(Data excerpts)
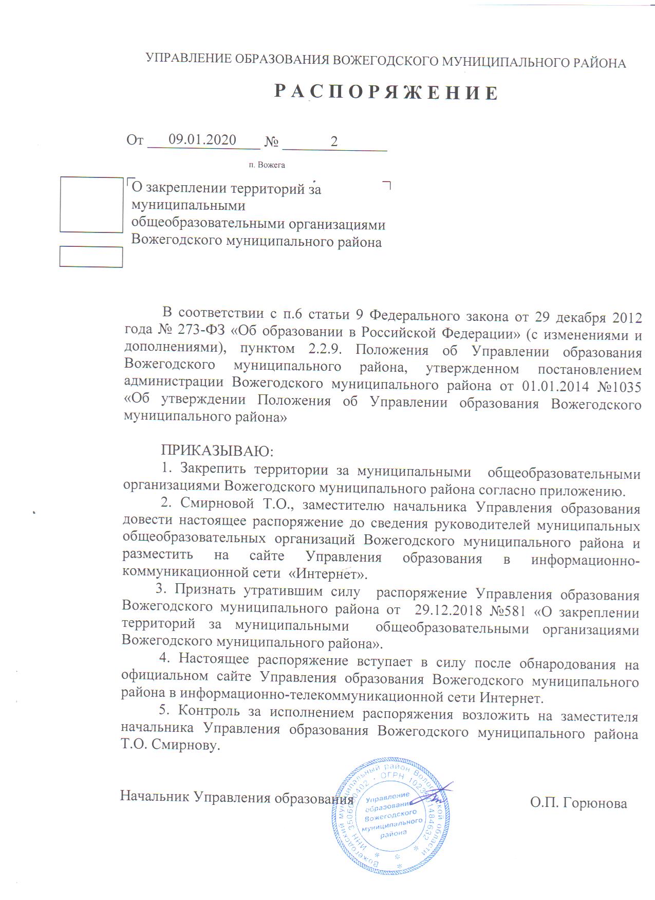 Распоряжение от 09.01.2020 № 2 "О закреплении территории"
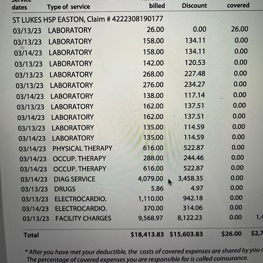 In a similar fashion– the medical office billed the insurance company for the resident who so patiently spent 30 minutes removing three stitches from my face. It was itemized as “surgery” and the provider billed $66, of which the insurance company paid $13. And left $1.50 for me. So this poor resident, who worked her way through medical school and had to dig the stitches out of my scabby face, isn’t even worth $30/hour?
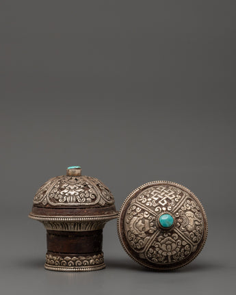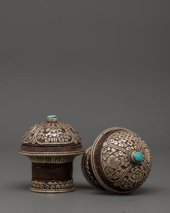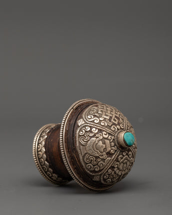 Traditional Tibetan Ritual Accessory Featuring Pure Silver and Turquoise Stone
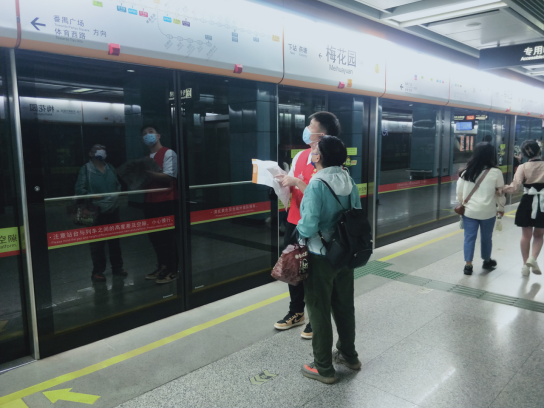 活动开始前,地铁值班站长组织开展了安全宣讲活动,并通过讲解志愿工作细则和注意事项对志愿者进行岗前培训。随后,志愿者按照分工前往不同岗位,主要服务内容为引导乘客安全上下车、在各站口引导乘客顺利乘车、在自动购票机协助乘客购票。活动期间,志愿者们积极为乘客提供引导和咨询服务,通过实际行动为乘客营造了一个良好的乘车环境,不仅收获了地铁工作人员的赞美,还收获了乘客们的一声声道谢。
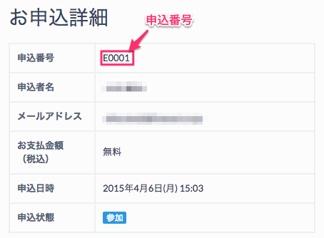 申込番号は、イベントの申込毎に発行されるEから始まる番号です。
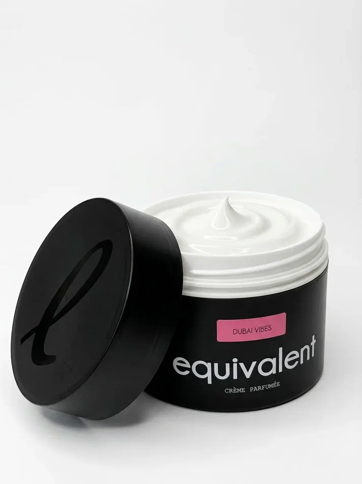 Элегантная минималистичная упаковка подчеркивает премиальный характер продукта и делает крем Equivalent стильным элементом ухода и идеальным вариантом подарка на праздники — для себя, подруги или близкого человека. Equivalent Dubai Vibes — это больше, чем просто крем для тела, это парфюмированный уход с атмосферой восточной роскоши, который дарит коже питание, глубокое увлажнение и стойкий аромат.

Requirement: Starting at the line that contains "In a similar", reproduce exactly and only the lines through the end of the entries above, with the pictures excluded.

Written response:
 In a similar fashion– the medical office billed the insurance company for the resident who so patiently spent 30 minutes removing three stitches from my face. It was itemized as “surgery” and the provider billed $66, of which the insurance company paid $13. And left $1.50 for me. So this poor resident, who worked her way through medical school and had to dig the stitches out of my scabby face, isn’t even worth $30/hour?
 Traditional Tibetan Ritual Accessory Featuring Pure Silver and Turquoise Stone
 活动开始前,地铁值班站长组织开展了安全宣讲活动,并通过讲解志愿工作细则和注意事项对志愿者进行岗前培训。随后,志愿者按照分工前往不同岗位,主要服务内容为引导乘客安全上下车、在各站口引导乘客顺利乘车、在自动购票机协助乘客购票。活动期间,志愿者们积极为乘客提供引导和咨询服务,通过实际行动为乘客营造了一个良好的乘车环境,不仅收获了地铁工作人员的赞美,还收获了乘客们的一声声道谢。
 申込番号は、イベントの申込毎に発行されるEから始まる番号です。
 Элегантная минималистичная упаковка подчеркивает премиальный характер продукта и делает крем Equivalent стильным элементом ухода и идеальным вариантом подарка на праздники — для себя, подруги или близкого человека. Equivalent Dubai Vibes — это больше, чем просто крем для тела, это парфюмированный уход с атмосферой восточной роскоши, который дарит коже питание, глубокое увлажнение и стойкий аромат.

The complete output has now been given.